As far as nVidia support goes, that's good. AMD is also listed as contributor on the FAH website, maybe they could be motivated to provide such support at least for the ROCm stack, the project they advertise as open and scalable HPC solution. Can't be in their interest to have nVidia recognized as running without problems and AMD being consistently troublesome.muziqaz wrote: nVidia is doing that.
FAH dev creates fahcore>nVidia rep takes that core and runs it through their hardware in their lab with all their driver profilers and tools>driver team either optimises the drivers for the fahcore, or they give suggestions/submit patches of code to fah devs to improve fahcore.
Hardware vendor does not need to have source code in order to optimise for the code.
I know how much nVidia is involved, and I just don't see the same involvement from AMD, not even close, which is a shame, as their hardware was always very strong in pure compute tasks.
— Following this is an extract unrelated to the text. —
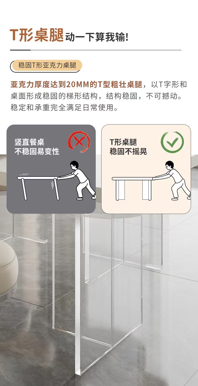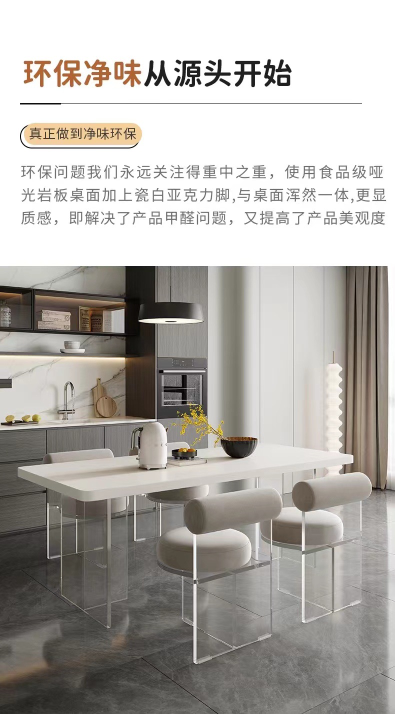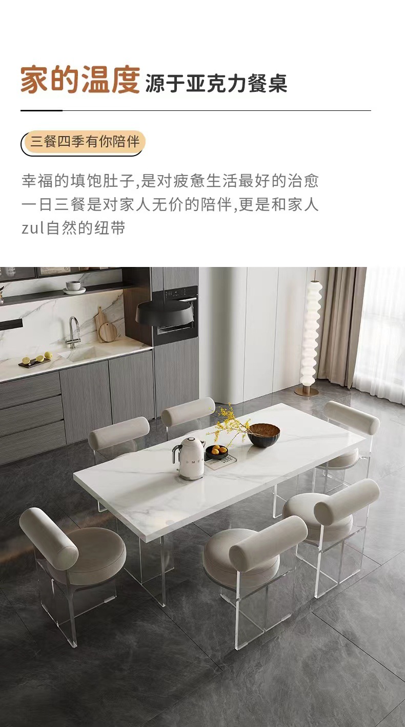 Luz moderna de lujo acrílico suspensión mesa de comedor y silla combinación inferior colgante redondeado blanco mesa de comedor hogar pequeño apartamento Mesa transparente

Also, fah devs mainly have nVidia hardware, as far as I know. I do not believe there are any AMD GPUs in their possession. At least we can be content that AMD CPUs punched through Intel wall when it comes to fah
If FAH developers develop and tests mostly on nVidia hardware, but do not have AMD GPUs, then it's no wonder that in the wild FAH is having more trouble on AMD hardware. But in that case AMD should be asked for what they have their logo as supporter on the website.
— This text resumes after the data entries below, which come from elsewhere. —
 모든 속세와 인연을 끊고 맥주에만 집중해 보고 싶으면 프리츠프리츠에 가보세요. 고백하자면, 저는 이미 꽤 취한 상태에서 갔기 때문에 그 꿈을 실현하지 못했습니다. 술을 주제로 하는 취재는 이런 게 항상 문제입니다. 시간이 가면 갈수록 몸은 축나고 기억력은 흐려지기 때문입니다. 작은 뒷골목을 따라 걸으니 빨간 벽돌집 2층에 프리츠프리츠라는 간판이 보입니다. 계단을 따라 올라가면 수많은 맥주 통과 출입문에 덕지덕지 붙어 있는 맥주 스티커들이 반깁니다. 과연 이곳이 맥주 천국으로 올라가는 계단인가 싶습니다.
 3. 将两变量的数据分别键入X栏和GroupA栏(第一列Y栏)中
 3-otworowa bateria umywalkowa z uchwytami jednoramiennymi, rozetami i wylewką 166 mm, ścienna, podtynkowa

As for need of source code, there may be a difference between optimizing and debugging. For optimizing it may be enough to profile which kernels are run at what frequency, without the need to understand the calculation flow. For debugging it however is very helpful to understand what is going on, what should be going on and at what point and under which preconditions there is a failure. That even more, as part of the failures point in the direction of early failures, which might be caused by missing/invalid initialization. Understanding can best be achieved by following code function through the logics of source code and observing the effects (follow variable values ...). If FAH developers can't follow that flow due to lack of appropriate (AMD) systems and want to do it by feedback from series (published) core versions, for me that looks like a rather long turnaround time for debugging. To be effective such turnaround times should be measured in minutes, not weeks between released core versions. Just my thoughts, I well might miss something important.